Szegö limit theorem on the lattice

In this paper, we prove a Szego type limit theorem on \(\ell ^2(\mathbb {Z}^d)\). We take the self-adjoint operator \(H=-\Delta +V\) on \(\ell ^2(\mathbb {Z}^d)\), where \(\displaystyle (\Delta u)(\mathbf{n}) = \sum \nolimits _{|\mathbf{n}-\mathbf{k}|=1} (u(\mathbf{k}) - u(\mathbf{n}))\) and the operator V is the multiplication by a positive sequence \(\{V(\mathbf{n}), \mathbf{n}\in \mathbb {Z}^d\}\) with \(V(\mathbf{n}) \rightarrow \infty \) as \(|\mathbf{n}| \rightarrow \infty . \) We take the orthogonal projection \(\pi _{\lambda }\) onto the subspace, in \(\ell ^2(\mathbb {Z}^d)\), spanned by eigenfunctions of H with eigenvalues \(\le \lambda \). Let B be a zeroth order self-adjoint pseudo-difference operator associated with symbol \(b \in S_{1,0, \infty }(\mathbb {T}^d\times \mathbb {Z}^d)\).
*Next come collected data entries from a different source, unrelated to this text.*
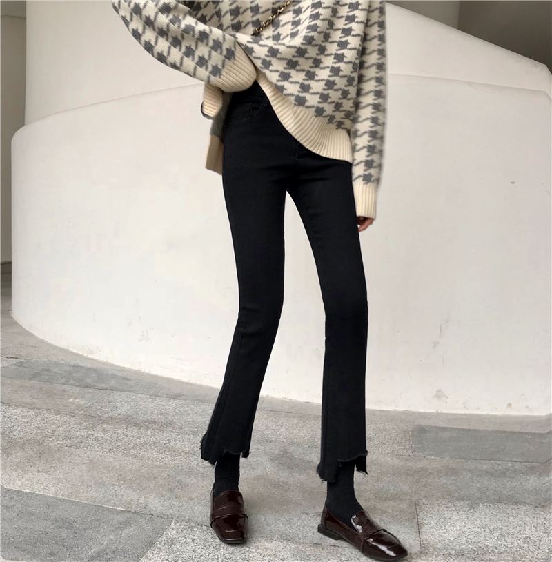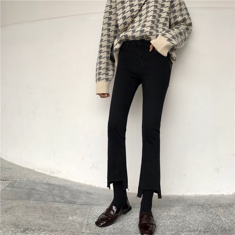 網紅同款牛仔褲女秋冬2018新款韓版顯瘦喇叭褲九分褲高腰黑色褲子
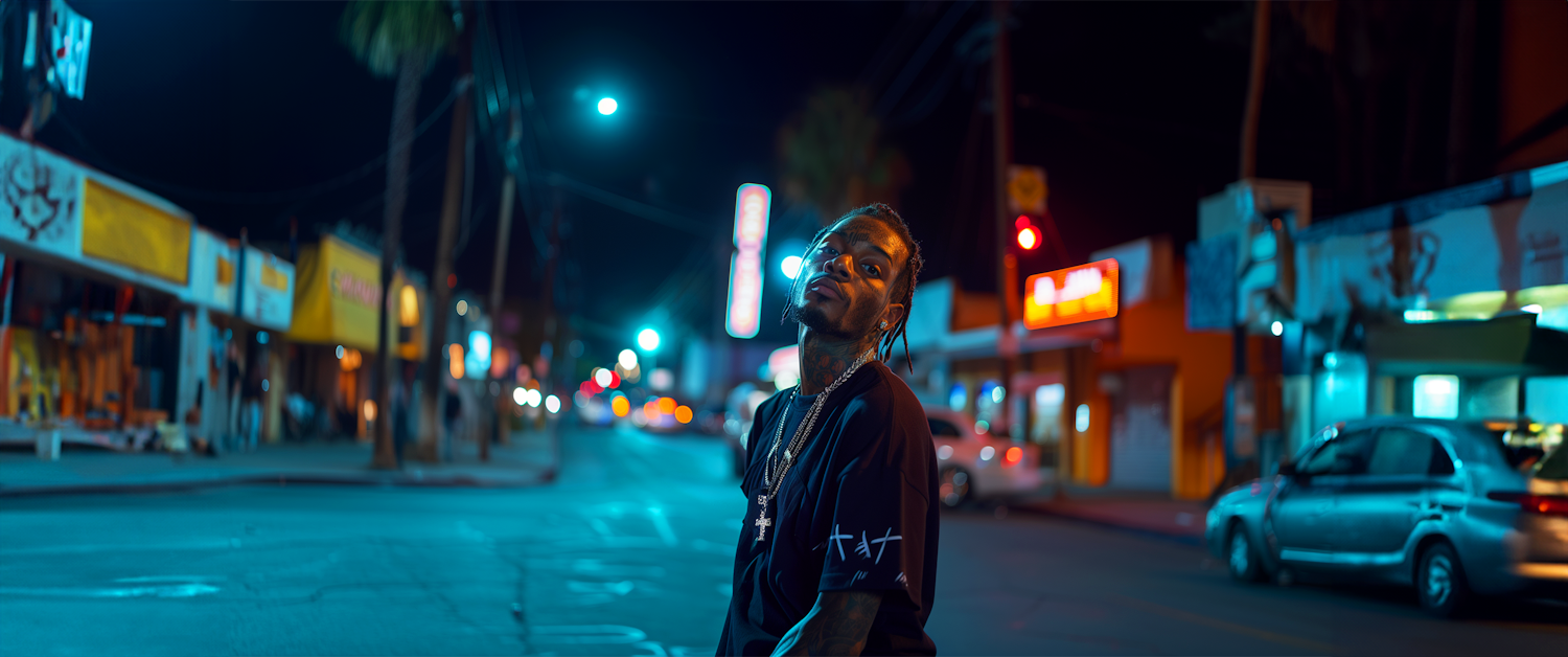A man with braids and a cross necklace stands on a neon-lit street at night, surrounded by colorful storefronts and parked cars.
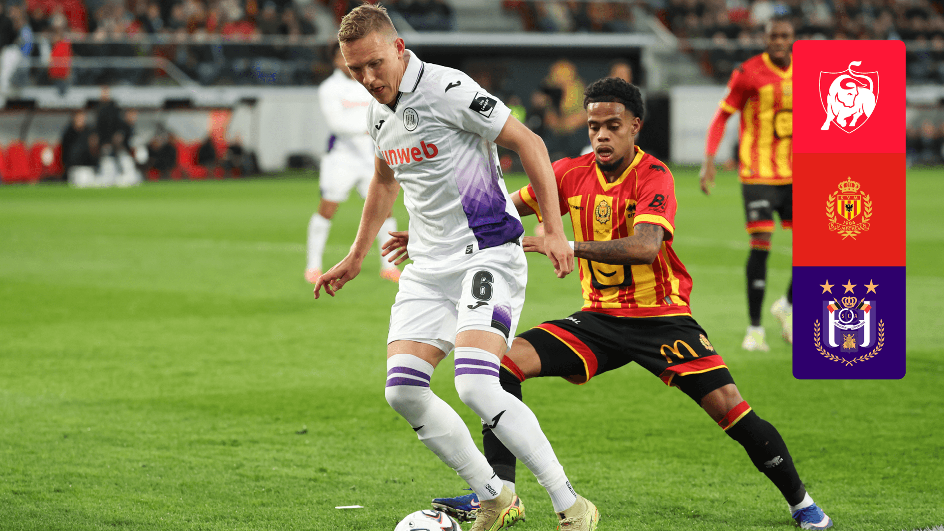 KV Mechelen neemt het op tegen RSC Anderlecht in de Jupiler Pro League. Start uitzending: 18u10.
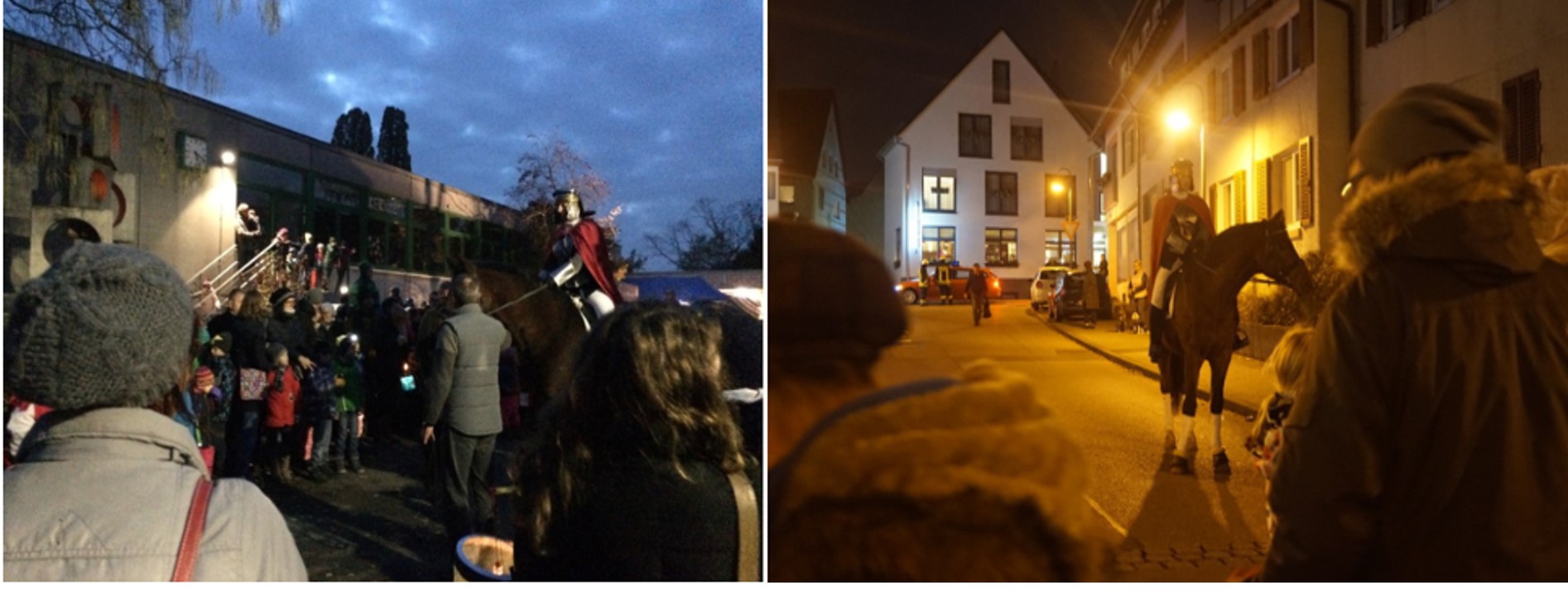 이 행사 열리는 Martinstag (마틴탁) 에는 아래 그림과 같이 성 마틴이 말을 타고 행렬을 이끄며 그 뒤로 아이들과 엄마들이 걸어가는데 아이들은 이날 램프를 들고 다닙니다.

We then show for “nice functions” f, that $$\begin{aligned} \lim _{\lambda \rightarrow \infty } \frac{Tr(f(\pi _\lambda B\pi _\lambda ))}{Tr(\pi _\lambda )} = \lim _{\lambda \rightarrow \infty } \frac{1}{(2\pi )^d} \frac{\sum _{V(\mathbf{n}) \le \lambda } \int _{\mathbb {T}^d} f(b(\mathbf{x},\mathbf{n})) ~ d\mathbf{x}}{\sum _{V(\mathbf{n})\le \lambda } 1}. \end{aligned}$$